Most scientific research can lead to the conclusion that the stand-off distance, cutting speed and the water pressure have a deciding influence on the surface roughness and kerf angle after abrasive water jet cutting. However, many works lead to contradictory conclusions. Most papers have not focused on the influence of cutting depth on surface roughness and waviness, especially for Inconel 718 alloy. There are no available models of surface roughness and waviness and kerf angle for Inconel 718 alloy, which would take into account not only the process parameters but also the depth of cut and the height of the workpiece without dividing the machined surface into zones.
The purpose of this study was to conduct a comprehensive experimental investigation of the AWJ process of Inconel 718 alloy using variable process parameters such as cutting speed, abrasive mass flow rate, cutting height and depth of cut. Based on the results of the study, empirical models were developed for the roughness parameters Ra and Rz, waviness parameters Wa and Wt and kerf angle as a function of variable process parameters. The developed models allow determination of the surface roughness and waviness and kerf angle at any depth of cut.

2. Materials and Methods

The tests were carried out on a KNUTH Hydro-Jet Eco 0615 cutting machine manufactured by KNUTH Werkzeugmaschinen GmbH, Wasbek, Germany equipped with a multiplier pump. The water pressure was 250 MPa. The abrasive was supplied through a belt system. The focusing nozzle had a diameter of 0.3 mm and the cutting nozzle had a length of 80 mm and a diameter of 0.76 mm. The stand-off distance value was equal to 1.5 mm. The abrasive used was Garnet 80. The variable parameters of the cutting process were the cutting speed, abrasive flow rate and the height of the workpiece.
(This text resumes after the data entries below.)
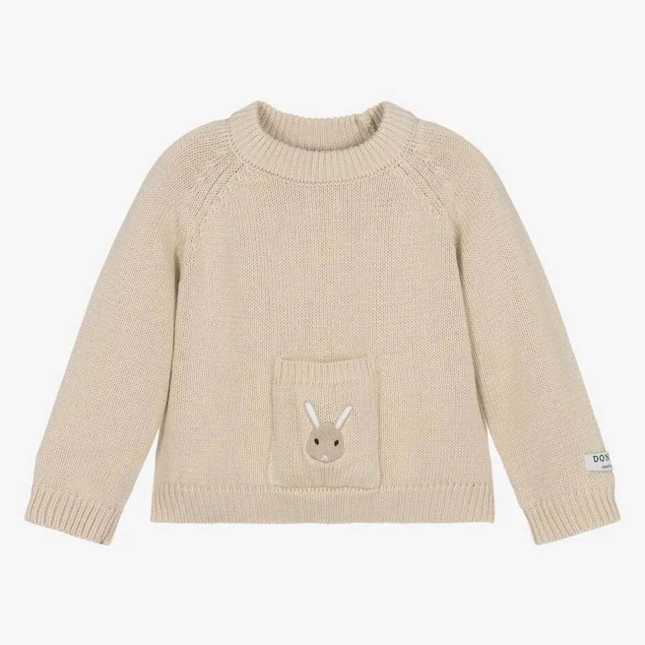 Amsterdam-based brand Donsje designs this beige handmade sweater for younger boys and girls. Soft and gentle on the skin, it is knitted in pure cotton. The front pocket feature is embroidered with an adorable bunny rabbit motif and the designer's logo label is stitched on the sleeve.
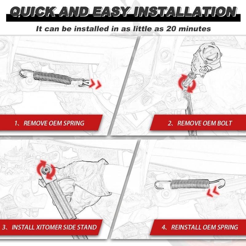 • Material: The Xitomer adjustable side stand is made of steel, which is much stronger than alloy.
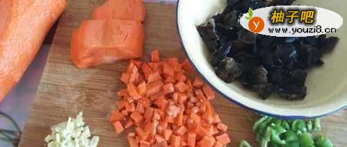 2蒜切碎了。胡萝卜去皮,和辣椒切成小丁。木耳泡发后撕成小朵。

The constant and variable cutting parameters are listed in Table 1. A view of the machine workspace is shown in Figure 1. The cutting was carried out in one axis, always in the same direction.
The test samples were made of Inconel 718 alloy. Nine test specimens were made, and each sample had five sections from S1 to S5 with different cut heights h (Figure 2). The first section S1 had a height of 2 mm, and each following section was 2 mm higher.
The experimental research was carried out according to a complete two-factor plan with three variables. During the experimental tests, nine parallel cuts were machined with an abrasive water jet at a distance of 5 mm. As a result, nine test specimens denoted from W1 to W9 were cut with variable process parameters according to Table 2. The third variable parameter of the cutting was the height of the workpiece h, which resulted from the variable geometry of each sample. Each sample was divided into sections from S1 to S5 with increasing cut height.
After each sample was cut, the measurements of the selected surface topography parameters Ra, Rz, Wa and Wt were conducted. Ra is the arithmetic mean height of profile roughness, Rz describes the maximum height of profile roughness, Wa is the arithmetic mean height of profile waviness and Wt describes total height of profile waviness. For each sample and each section, the surface roughness and waviness parameters were measured, starting from a cutting depth of 0.3 mm with a step of 0.5 mm, until the end of the sample. This way, the results of surface roughness and waviness were obtained as a function of cutting speed, abrasive flow rate, height of the workpiece and actual depth of cut ap. The ap depth of cut parameter is the result of the adopted experimental methodology and is the depth at which the roughness and waviness of the surface were measured at the height of the workpiece. Measurement of surface topography was performed with contact method using the MahrSurf GD 120 profilometer by Mahr GmbH, Goettingen, Germany.
The kerf was measured using a Dino Lite AM7915MZT digital microscope. Measurements of the upper and lower kerf sizes were carried out using the dedicated DinoCapture 2.0 software.

3. Results and Discussion

3.1. Influence of Cutting Height on Surface Topography

Each test sample contained five sections differing in material thickness and the height of the cut h. In each section, the roughness and waviness parameters were measured, from a depth of 0.3 mm, with a step of 0.5 mm. The height at which the surface topography parameters were measured corresponded to the actual cutting depth ap. Section S5 of each sample had cutting areas from the full range of cutting depths ap, from 0 to 10 mm.
The purpose of the analysis was to investigate the significance of the influence of the sample height on the surface topography obtained at each cutting depth. Accordingly, for each of the nine samples, models were developed for the roughness parameters Ra and Rz and the waviness Wa and Wt as a function of the height of the workpiece h and the current cut depth (depth of measurement). Then, an ANOVA analysis of the obtained models was performed to determine the significance of the effect of these two parameters. Table 3 shows the values of the contribution of the workpiece height parameter h in each model. When the significance level of the parameter h was less than 0.05, the contribution did not occur.
From the data presented in Table 3, it can be seen that the influence of the height of the workpiece h on the roughness and waviness of the surface is marginal. In almost half of the models obtained, the parameter h is not present at all, which means that it is statistically insignificant. In the remaining cases, the level of contribution of height h to the models is only 1–2%. Therefore, it can be concluded that the analysis of section S5 in each test sample is sufficient for the purpose of the surface topography study. Section S5 has a surface with full range of cutting depths, and its analysis is sufficient. Thus, the surface roughness and waviness depend only on the actual depth of cut. The value of roughness and waviness at a given depth of cut does not depend on the total thickness of the material being cut.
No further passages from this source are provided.